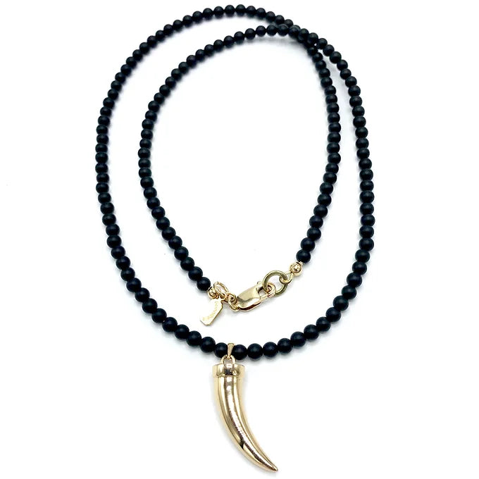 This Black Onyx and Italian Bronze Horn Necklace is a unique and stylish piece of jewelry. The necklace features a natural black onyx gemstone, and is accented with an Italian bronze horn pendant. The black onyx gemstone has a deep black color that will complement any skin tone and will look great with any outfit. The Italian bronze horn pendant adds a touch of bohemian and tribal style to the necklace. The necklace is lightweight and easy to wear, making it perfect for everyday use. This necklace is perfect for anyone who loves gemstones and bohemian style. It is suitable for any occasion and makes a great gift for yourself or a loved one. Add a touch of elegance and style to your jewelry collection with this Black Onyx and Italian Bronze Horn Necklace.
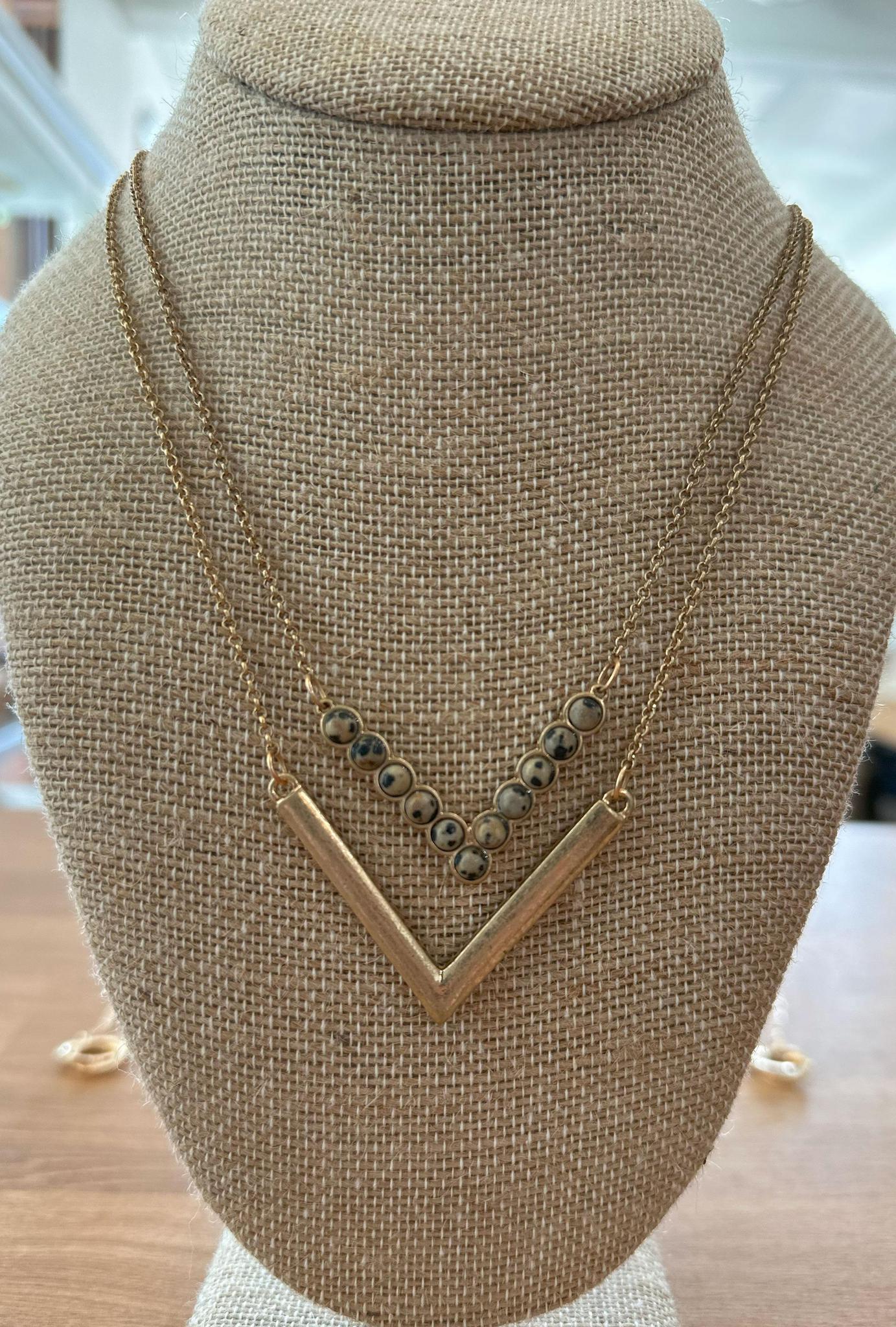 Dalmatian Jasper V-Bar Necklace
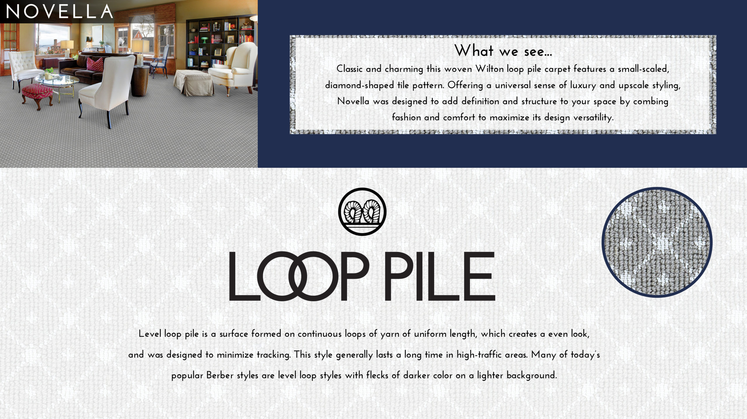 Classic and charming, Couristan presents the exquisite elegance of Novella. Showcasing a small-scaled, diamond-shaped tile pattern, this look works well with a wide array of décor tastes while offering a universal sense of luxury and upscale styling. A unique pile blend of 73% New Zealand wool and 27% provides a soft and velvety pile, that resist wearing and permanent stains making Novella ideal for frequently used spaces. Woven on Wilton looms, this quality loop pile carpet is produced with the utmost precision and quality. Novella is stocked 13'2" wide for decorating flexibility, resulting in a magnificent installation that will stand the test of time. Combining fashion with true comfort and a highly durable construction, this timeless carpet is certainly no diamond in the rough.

...

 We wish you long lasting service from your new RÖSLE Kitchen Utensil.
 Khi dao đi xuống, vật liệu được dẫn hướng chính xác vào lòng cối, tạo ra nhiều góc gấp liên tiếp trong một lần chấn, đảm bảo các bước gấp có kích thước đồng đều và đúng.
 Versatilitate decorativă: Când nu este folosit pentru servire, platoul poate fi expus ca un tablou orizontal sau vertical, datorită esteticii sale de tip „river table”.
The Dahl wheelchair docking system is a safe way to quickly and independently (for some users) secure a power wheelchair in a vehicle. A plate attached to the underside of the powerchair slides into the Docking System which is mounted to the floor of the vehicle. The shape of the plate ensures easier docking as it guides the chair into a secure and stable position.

--

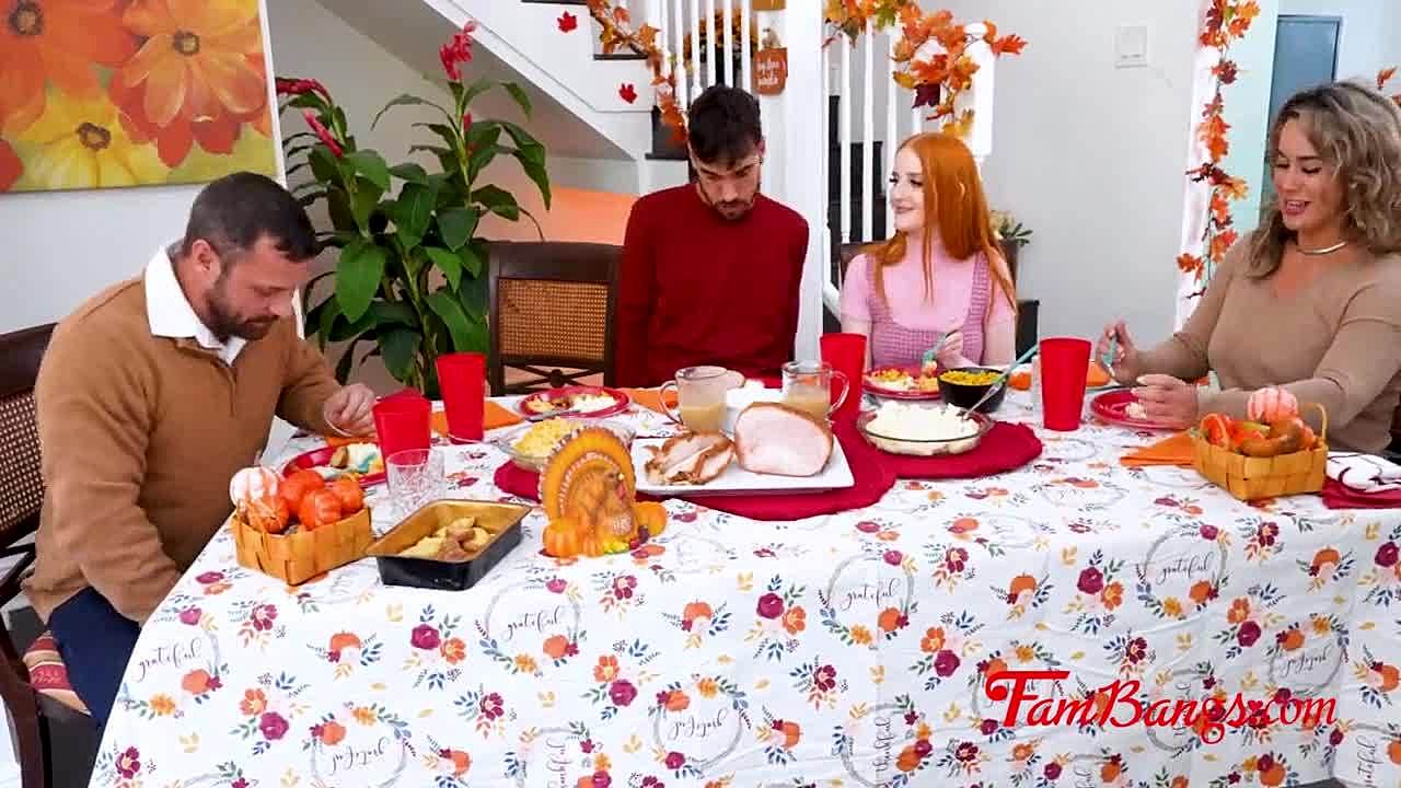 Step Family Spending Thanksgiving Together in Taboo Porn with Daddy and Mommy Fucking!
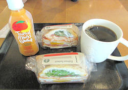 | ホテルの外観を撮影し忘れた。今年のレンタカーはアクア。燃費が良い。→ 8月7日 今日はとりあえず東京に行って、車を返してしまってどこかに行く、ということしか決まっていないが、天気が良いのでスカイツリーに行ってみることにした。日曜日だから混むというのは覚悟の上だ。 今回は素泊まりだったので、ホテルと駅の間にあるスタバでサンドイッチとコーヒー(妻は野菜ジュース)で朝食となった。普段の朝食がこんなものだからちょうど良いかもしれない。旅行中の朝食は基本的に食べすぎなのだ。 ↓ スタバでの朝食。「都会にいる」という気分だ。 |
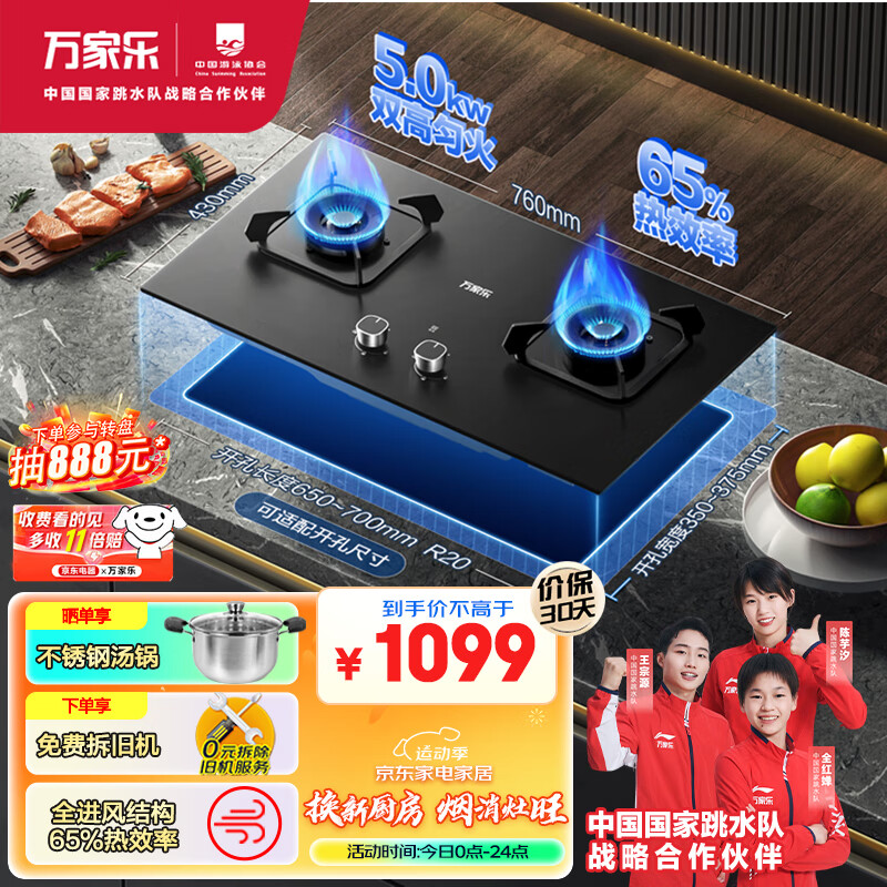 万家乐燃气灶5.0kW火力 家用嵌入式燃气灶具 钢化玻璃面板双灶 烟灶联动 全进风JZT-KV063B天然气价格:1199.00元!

**TASK STATEMENT**.
From the entries above, give again exactly the lines running from the line with "Khi dao đi xuống, vật" to the line with "The Dahl wheelchair"; include both of those lines.

**ANSWER FOR THIS EXERCISE**.
 Khi dao đi xuống, vật liệu được dẫn hướng chính xác vào lòng cối, tạo ra nhiều góc gấp liên tiếp trong một lần chấn, đảm bảo các bước gấp có kích thước đồng đều và đúng.
 Versatilitate decorativă: Când nu este folosit pentru servire, platoul poate fi expus ca un tablou orizontal sau vertical, datorită esteticii sale de tip „river table”.
The Dahl wheelchair docking system is a safe way to quickly and independently (for some users) secure a power wheelchair in a vehicle. A plate attached to the underside of the powerchair slides into the Docking System which is mounted to the floor of the vehicle. The shape of the plate ensures easier docking as it guides the chair into a secure and stable position.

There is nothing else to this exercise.